As the trend towards the privatisation of high-carbon assets increases, investors with $2.3trn AUM and CDP launched the first standardised environmental disclosure platform for private markets. The pilot initiative for Private Markets aims to prevent ‘emissions leakage’ and improve transparency and performance on ESG issues. 

“Encouraging more private companies to actively measure and disclose their carbon impacts – and also their water and possible deforestation impacts – is no longer a nice to have – it is essential to the low carbon transition,” Adam Black, Partner and Head of ESG & Sustainability at Coller Capital, is one of many calling for private firms to release their ESG data. The data is crucial for ESG-conscious investors who are looking to meet their own net-zero commitments by 2050. 

When it comes to environmental reporting, there is a huge transparency gap between listed entities and private companies, so any move towards consistent and comparable disclosure should be welcomed and encouraged.

Reimagining the board for 2030’s climate challenges

B Lab UK, part of the group that certifies B Corporations, launched the Boardroom 2030 initiative last week. The initiative calls on companies to hold senior leadership meetings as if it were 2030. The aim is to get companies thinking about what big decisions they would have made since 2021, how consumer and market expectations will have shifted, and who will be at the table. It encourages companies to think outside the box in terms of attendees,  and suggests including community and youth representatives, activists, scientists, academics and more. 

We hope that companies embrace this initiative. The Body Shop, Natura and Coutts have already signed up, and we look forward to seeing the innovative ideas that emerge. Tackling the climate crisis is going to take creativity as well as capital.

Could climate change trigger a financial crisis?

Over the last few years there have been warnings about the threat of climate change to the stability of the world’s financial system. Whilst recent stress tests have gauged it fairly unlikely, it all hangs in the balance of whether governments are able to set out a clear path for reducing emissions, and in a timely manner. 
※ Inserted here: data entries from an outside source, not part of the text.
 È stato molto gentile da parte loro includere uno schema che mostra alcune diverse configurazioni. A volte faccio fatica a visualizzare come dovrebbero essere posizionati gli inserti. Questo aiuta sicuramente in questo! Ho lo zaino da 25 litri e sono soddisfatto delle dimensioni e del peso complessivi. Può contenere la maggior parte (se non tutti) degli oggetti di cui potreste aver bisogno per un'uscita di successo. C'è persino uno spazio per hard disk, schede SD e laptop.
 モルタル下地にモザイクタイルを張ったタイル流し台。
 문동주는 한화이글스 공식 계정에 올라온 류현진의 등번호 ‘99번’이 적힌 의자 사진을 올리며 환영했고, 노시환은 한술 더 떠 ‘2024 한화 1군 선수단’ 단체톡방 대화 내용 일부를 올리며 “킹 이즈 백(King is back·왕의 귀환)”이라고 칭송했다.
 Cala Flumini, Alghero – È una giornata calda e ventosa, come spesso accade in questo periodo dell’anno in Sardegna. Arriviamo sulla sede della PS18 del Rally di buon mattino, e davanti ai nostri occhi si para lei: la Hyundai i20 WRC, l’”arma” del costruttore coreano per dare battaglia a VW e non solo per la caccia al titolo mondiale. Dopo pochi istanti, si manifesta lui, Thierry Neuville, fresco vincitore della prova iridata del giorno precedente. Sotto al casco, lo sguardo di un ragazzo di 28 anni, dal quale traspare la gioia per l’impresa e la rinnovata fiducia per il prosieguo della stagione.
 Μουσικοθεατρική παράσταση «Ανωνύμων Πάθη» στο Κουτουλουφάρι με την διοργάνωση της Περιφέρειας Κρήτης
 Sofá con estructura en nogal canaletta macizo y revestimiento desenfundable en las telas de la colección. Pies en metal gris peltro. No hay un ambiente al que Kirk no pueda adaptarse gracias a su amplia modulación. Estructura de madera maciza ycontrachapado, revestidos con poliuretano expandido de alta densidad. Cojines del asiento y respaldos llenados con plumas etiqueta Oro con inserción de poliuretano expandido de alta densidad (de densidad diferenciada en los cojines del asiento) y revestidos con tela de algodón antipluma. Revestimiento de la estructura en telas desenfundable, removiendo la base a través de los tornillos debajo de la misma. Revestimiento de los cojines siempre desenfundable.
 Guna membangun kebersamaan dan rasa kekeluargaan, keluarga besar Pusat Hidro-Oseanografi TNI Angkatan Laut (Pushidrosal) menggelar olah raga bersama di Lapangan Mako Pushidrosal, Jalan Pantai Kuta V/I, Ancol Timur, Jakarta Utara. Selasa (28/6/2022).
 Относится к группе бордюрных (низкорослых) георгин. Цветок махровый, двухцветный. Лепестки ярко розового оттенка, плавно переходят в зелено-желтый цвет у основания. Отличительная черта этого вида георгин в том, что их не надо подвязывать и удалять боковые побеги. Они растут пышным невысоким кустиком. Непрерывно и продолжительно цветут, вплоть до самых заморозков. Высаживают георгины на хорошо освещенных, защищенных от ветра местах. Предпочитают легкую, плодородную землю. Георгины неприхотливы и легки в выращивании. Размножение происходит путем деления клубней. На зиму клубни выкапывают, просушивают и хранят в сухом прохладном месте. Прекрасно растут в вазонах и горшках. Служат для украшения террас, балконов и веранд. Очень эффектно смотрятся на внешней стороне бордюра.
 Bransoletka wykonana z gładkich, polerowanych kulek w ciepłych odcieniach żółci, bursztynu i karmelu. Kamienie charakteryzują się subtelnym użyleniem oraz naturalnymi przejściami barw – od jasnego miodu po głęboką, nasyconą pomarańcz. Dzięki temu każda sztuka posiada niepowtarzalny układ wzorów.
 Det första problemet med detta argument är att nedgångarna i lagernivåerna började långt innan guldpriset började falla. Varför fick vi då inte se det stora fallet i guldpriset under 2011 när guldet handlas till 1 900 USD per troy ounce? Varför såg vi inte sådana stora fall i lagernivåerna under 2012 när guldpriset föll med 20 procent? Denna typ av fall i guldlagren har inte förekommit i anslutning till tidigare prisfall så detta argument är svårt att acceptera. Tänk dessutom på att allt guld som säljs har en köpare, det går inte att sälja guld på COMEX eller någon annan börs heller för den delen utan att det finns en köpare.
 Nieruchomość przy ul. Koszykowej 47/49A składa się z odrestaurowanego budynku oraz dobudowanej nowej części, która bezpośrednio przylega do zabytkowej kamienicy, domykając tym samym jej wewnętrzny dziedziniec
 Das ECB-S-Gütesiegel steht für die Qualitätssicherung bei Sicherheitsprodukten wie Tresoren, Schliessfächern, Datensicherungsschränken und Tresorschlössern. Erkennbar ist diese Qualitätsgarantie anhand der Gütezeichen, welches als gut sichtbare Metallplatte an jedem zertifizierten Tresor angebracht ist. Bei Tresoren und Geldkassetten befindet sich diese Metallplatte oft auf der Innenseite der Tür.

It will take companies a considerable amount of time to successfully adapt to any policy changes, and any sudden transition runs the risk of causing instability. The most likely situation in which climate change could pose a threat is one where “governments dawdle, and then have no choice but to take drastic action in the future.”
On our current trajectory, we worry that a combination of knock-on factors linked to climate change may well lead to crises in the future. For example, the emissions that are driving climate change could devalue energy companies, causing a sharp decline for investors.